** Opening INFORMATION SUPPLIED block **
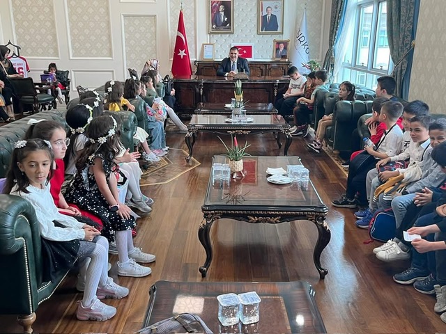 23 Nisan etkinlikleri kapsamında Kahramanmaraş Hasan Balcı İlkokulu 2. sınıf öğrencileri Türkoğlu Belediyesi’ni ziyaret etti. Başkan Mehmet Karaca, minik misafirlerini belediye binasında ağırladı.
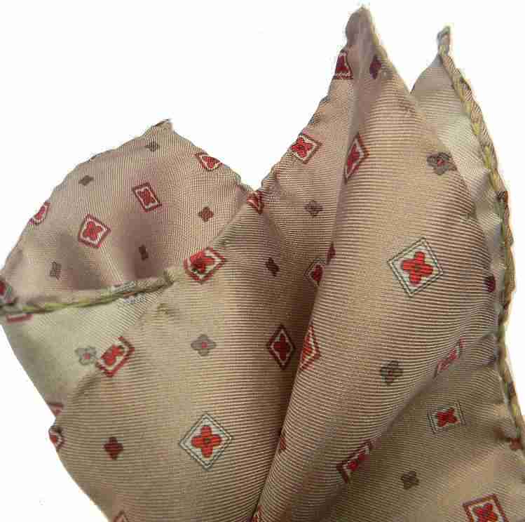 Pochette da taschino per uomo, realizzate in 100% seta made in italy nella colorazione di fondo sul tono del beige
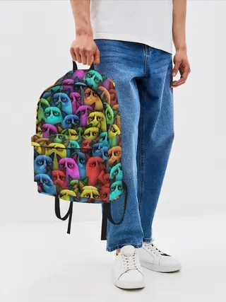 Рюкзак джинсовый / Разноцветные сердитые коты
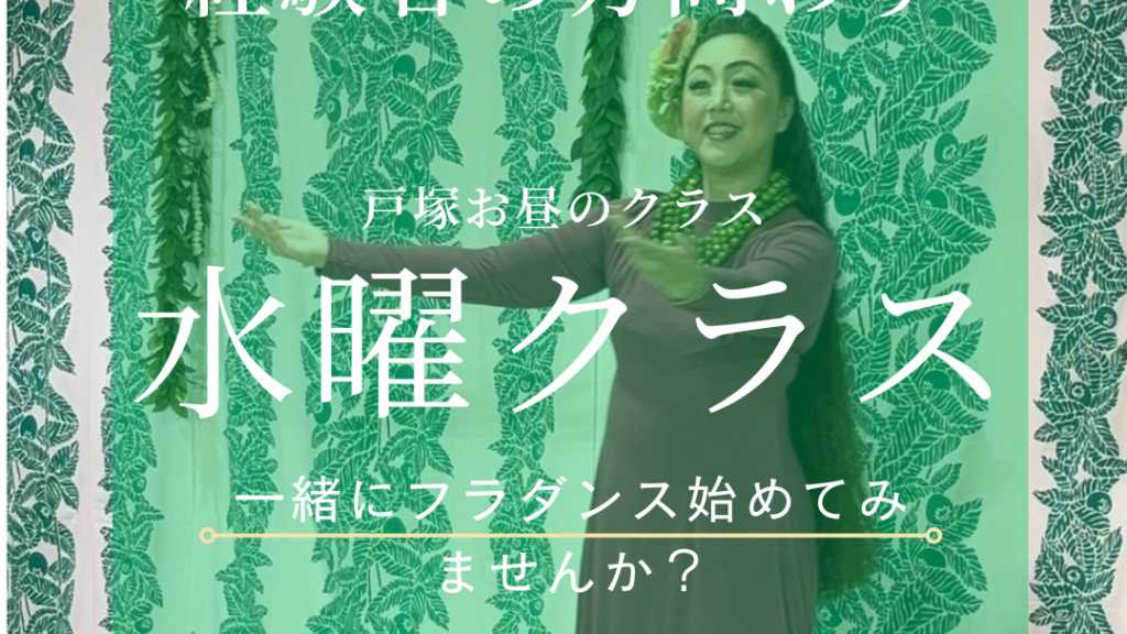 ■体験レッスンの内容 通常行われるレッスンを体験いただけます。 ■当日の流れ 受付 ⇩ お着替え ⇩ レッスン体験 ⇩ 当校の説明 ⇩ 入会受付等 ■予約の際の注意事項 Tシャツ、レギンス等の動きやすい服装でレッスンしていただきますのでご持参くださいませ。 フラのスカート(パウ)はレンタルのご用意がございます。 現在、他ハーラウに所属している場合には必ずご申告ください。入会の場合には、重複してのご入会はお断りさせていただきます。 キャンセルの場合は事前にご連絡くださいませ。 特典✨当日の入会で体験費用を入会金が割引いたします! ■キャンセルに関して 1時間前までにお願いいたします。
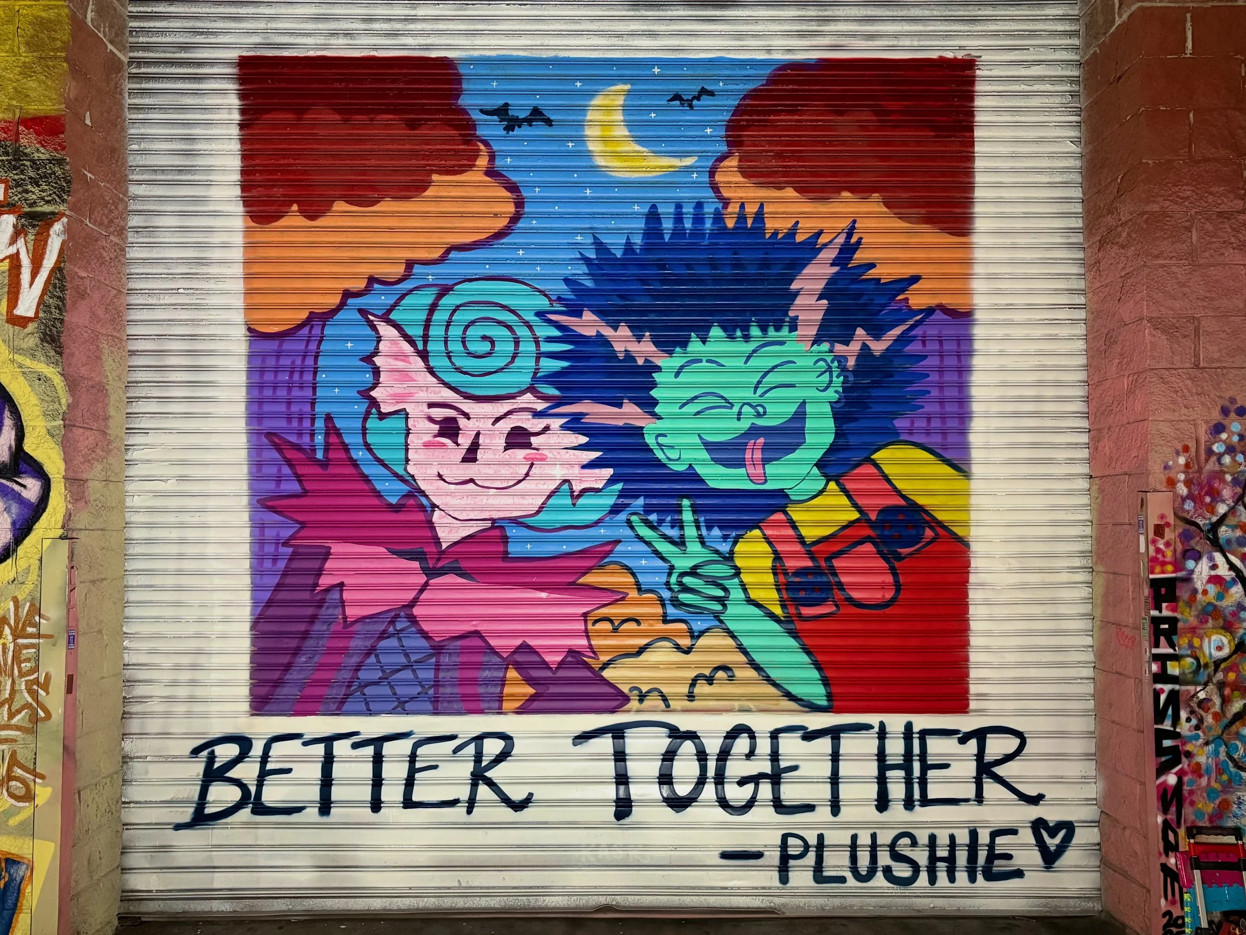 In the summer of 2025, Plushie was invited to partake in Astoria’s biggest mural event, Welling Walls. Local and visiting artists partnered up with the Welling Court and Astoria residents to paint murals and celebrate community and bring positivity during hard times. This mural is meant to highlight and emphasize the importance of love of family whether it be chosen or blood.
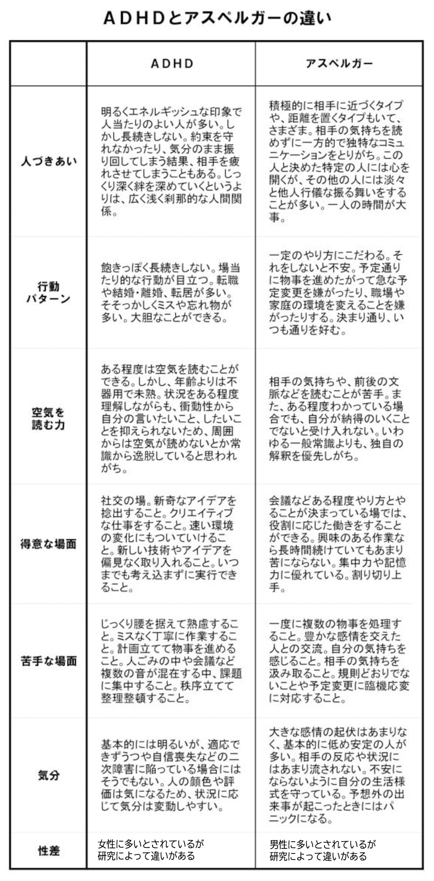 あとコメント欄を読んで、ADHDとアスペルガー症候群(ASD:現在は高機能自閉症に分類されている)を混同している人がいるようなので、その違いを分かりやすく表したものがあるので、補足しておくことにする。
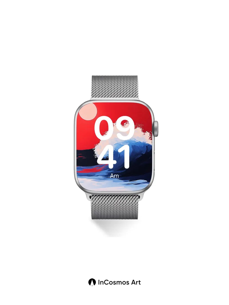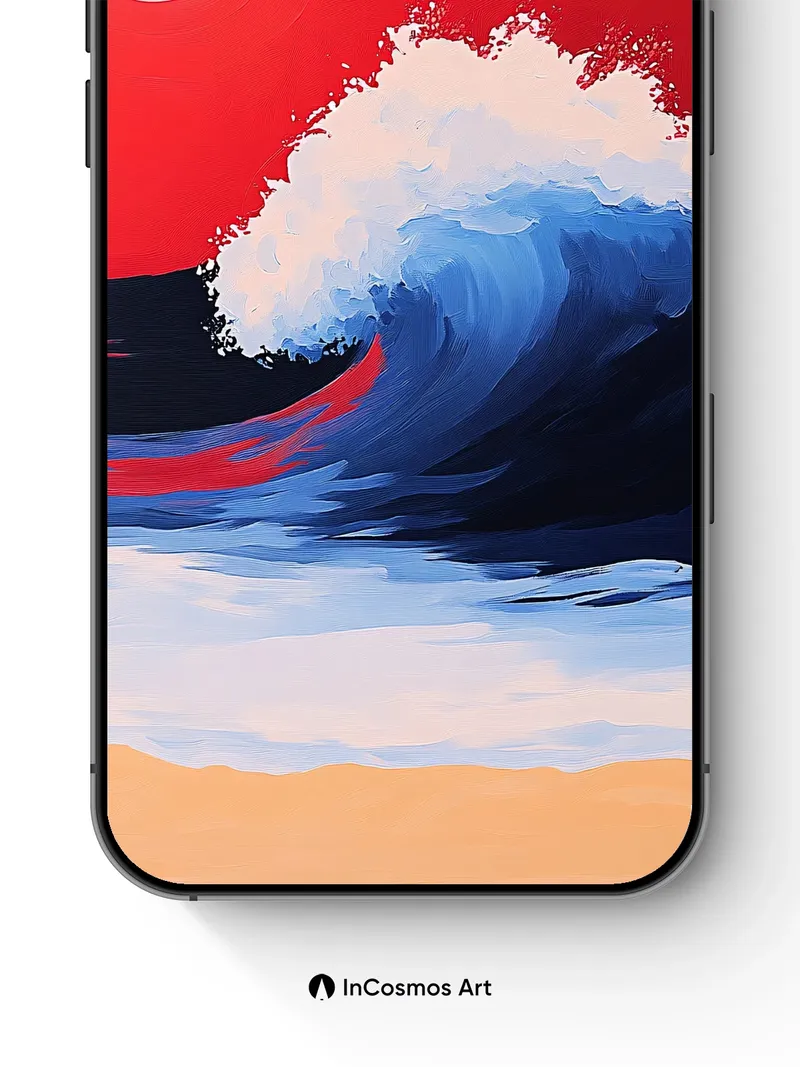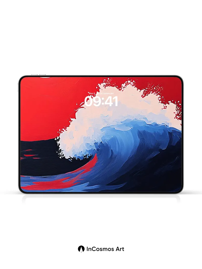Crimson Horizon Wave Wallpaper with Hokusai Echo
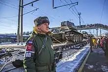 Russian military police in Murom maintains public order during the arrival of a train with T-34 tanks returned by Laos to the Russian army, January 2019 года[1]
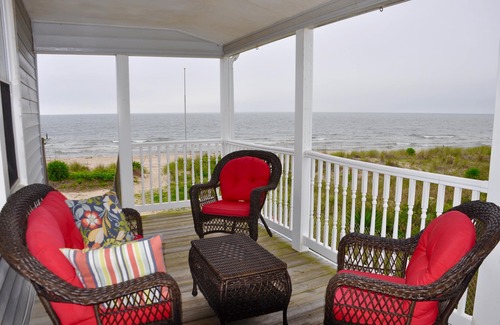 This house sits on a Public Beach - But ........ No public Parking ...... which means no crowds!!! This beach cottage overlooks the Chesapeake Bay, the Atlantic Ocean and a nine mile beach! Custom designed and fully equipped kitchen with granite counter tops, porch off the kitchen outdoor shower and BBQ. Enjoy a panoramic view of the entire beach from the living room or kitchen. The main beach house has 3 bedrooms (2 queen beds and 2 twin beds) ..... The 4th bedroom is actually an in-law suite located on the first floor. This is a complete apartment with 1 bedroom (king size bed) kitchen, living room and porch overlooking water. The inlaw suite has a separate entrance from the main house. Great for in-laws, two families, extra guests!
** Closing INFORMATION SUPPLIED block **
▶ [DESCRIPTION OF THE TASK]
Transcribe, from the records above, the first line and every line after it up to and including the line with "Рюкзак джинсовый /"; omit pictures.

▶ [ANSWER TO THIS TASK]
 23 Nisan etkinlikleri kapsamında Kahramanmaraş Hasan Balcı İlkokulu 2. sınıf öğrencileri Türkoğlu Belediyesi’ni ziyaret etti. Başkan Mehmet Karaca, minik misafirlerini belediye binasında ağırladı.
 Pochette da taschino per uomo, realizzate in 100% seta made in italy nella colorazione di fondo sul tono del beige
 Рюкзак джинсовый / Разноцветные сердитые коты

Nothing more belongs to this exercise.